Hadoop Streaming Combat: File Distribution and packaging

Source: Internet
Author: User
Tags hadoop fs

If the executable file, script, or configuration file required for the program to run does not exist on the compute nodes of the Hadoop cluster, you first need to distribute the files to the cluster for a successful calculation.

Hadoop provides a mechanism for automatically distributing files and compressing packages by simply configuring the appropriate parameters when you start the streaming job.
1.–file Distributing local files to compute nodes
The 2.–cachefile file is already stored in HDFs, and you want to treat the file as a local file on each compute node when calculating
3.–cachearchive distribution and decompression of compressed packets stored in HDFs

-file: Distributing local executables and other files using-file

A. Data to be computed into HDFs
$ Hadoop fs-put Localfile/user/hadoop/hadoopfile

B. Write the map, reduce script, and remember to add executable permissions to the script.
mapper.sh

#!/bin/sh
Wc-l

reducer.sh

#!/bin/sh
a=0 While the
read I do let
        a+= $i done
Echo $a

Hello.txt File Contents:

Hello

World


C. Run:
$ Hadoop streaming–input/user/hadoop/hadoopfile-output/user/hadoop/result-mapper./mapper.sh-reducer./reducer.sh- File Mapper.sh-file reducer.sh-file hello.txt-jobconf mapred.reduce.tasks=1-jobconf mapre.job.name= "Sum_test"

D. View the results:
$ Hadoop fs–cat/user/hadoop/result/part-00000

-cachefile Combat

A. Data and files to be calculated into HDFs
$ Hadoop fs-put hello.txt/user/hadoop/

B. Run the command (mapper.sh and reducer.sh script contents above):
$ Hadoop streaming–input/user/hadoop/hadoopfile-output/user/hadoop/result-mapper./mapper.sh-reducer./reducer.sh- File Mapper.sh-file reducer.sh-cachefile hdfs://host:port/user/hadoop/hello.txt#./hello.txt-jobconf mapred.reduce.tasks=1-jobconf mapre.job.name= "Sum_test"
You can configure the parameters by Fs.default.name in the configuration file Hadoop-site.xml to the host and port where the files are located.

C. View the results:
$ Hadoop fs–cat/user/hadoop/result/part-00000


-cachearchive Combat

A. Create a directory test, the directory contains files Mapper.txt,reducer,hello.txt
Modify mapper.sh:

#!/bin/sh
a= ' wc-l '
#使用参数
b= ' wc-l $ | awk ' {print '} ' let
c=a+b
echo $c

B. Compress the folder and put the compressed file into HDFs:
$ CD Test
$ TAR–ZCVF test.tar.gz *
$ Hadoop fs–put test.tar.gz/user/hadoop/test/

C. Run the command:
$ Hadoop streaming–input/user/hadoop/hadoopfile-output/user/hadoop/result-mapper "./test/mapper.sh./test/hello.tx T "-reducer./test/reducer.sh-cachearchive hdfs://host:port/user/hadoop/test/test.tar.gz#test-jobconf mapred.reduce.tasks=1-jobconf mapre.job.name= "Sum_test"

D. View the results:
$ Hadoop fs–cat/user/hadoop/result/part-00000

First, all files and directories in the local test directory are packaged and compressed, and then uploaded to HDFs. When you start the streaming task, use the-cachearchive option to distribute the test.tar.gz to the compute node and unzip it to the test directory, and then create a link to the test directory in the current working directory, the-mapper option is specified as the Mapper program and its operating parameters, and the-reducer option refers to Fixed reducer program. When you package locally, you go to the catalog test instead of packing it in the upper directory of test, or you will be able to access the MAPPER.SHL file through test/test/mapper.sh.
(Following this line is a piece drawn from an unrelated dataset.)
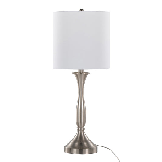 Sawyer 25" Contemporary Metal Table Lamp in Brushed Nickel with White Linen Shade and Built-in USB Port from Grandview Gallery by LumiSource - Set of 2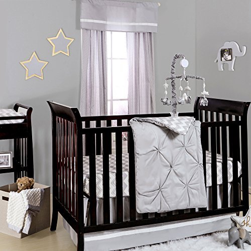 100% cotton sateen fabrics highlight this combination of pintuck design, where fabric is gathered to create an elegant textured appearance, and grey zig zag prints; 4 piece set includes reversible quilt, fitted sheet, tailored dust ruffle, and musical mobile; individual components of this set are also available for purchase separately;Generously sized at 44 by 37 inches, the 100% cotton quilt will find a host of uses in and out of the nursery, inside and outside the home; perfect for tummy-time;Crib skirt, with a 14 inch drop, and the fitted crib sheet are designed to fit a standard sized crib with a mattress measuring 52 by 28 inches; all-around elastic will assure that the sheet fits safely and securely every time;Musical mobile features elephants, clouds, and stars and plays a gentle lullaby to soothe baby to sleep;The Peanut Shell, through this mix and match collection, offers a host of coordinating items for your nursery, including: window treatments, crib rail guards, blankets, alternate sheets, and changing pad covers

Reprint http://blog.csdn.net/yfkiss/article/details/6399874

Contact Us

The content source of this page is from Internet, which doesn't represent Alibaba Cloud's opinion; products and services mentioned on that page don't have any relationship with Alibaba Cloud. If the content of the page makes you feel confusing, please write us an email, we will handle the problem within 5 days after receiving your email.

If you find any instances of plagiarism from the community, please send an email to: info-contact@alibabacloud.com and provide relevant evidence. A staff member will contact you within 5 working days.

A Free Trial That Lets You Build Big!

Start building with 50+ products and up to 12 months usage for Elastic Compute Service

  • Sales Support

    1 on 1 presale consultation

  • After-Sales Support

    24/7 Technical Support 6 Free Tickets per Quarter Faster Response

  • Alibaba Cloud offers highly flexible support services tailored to meet your exact needs.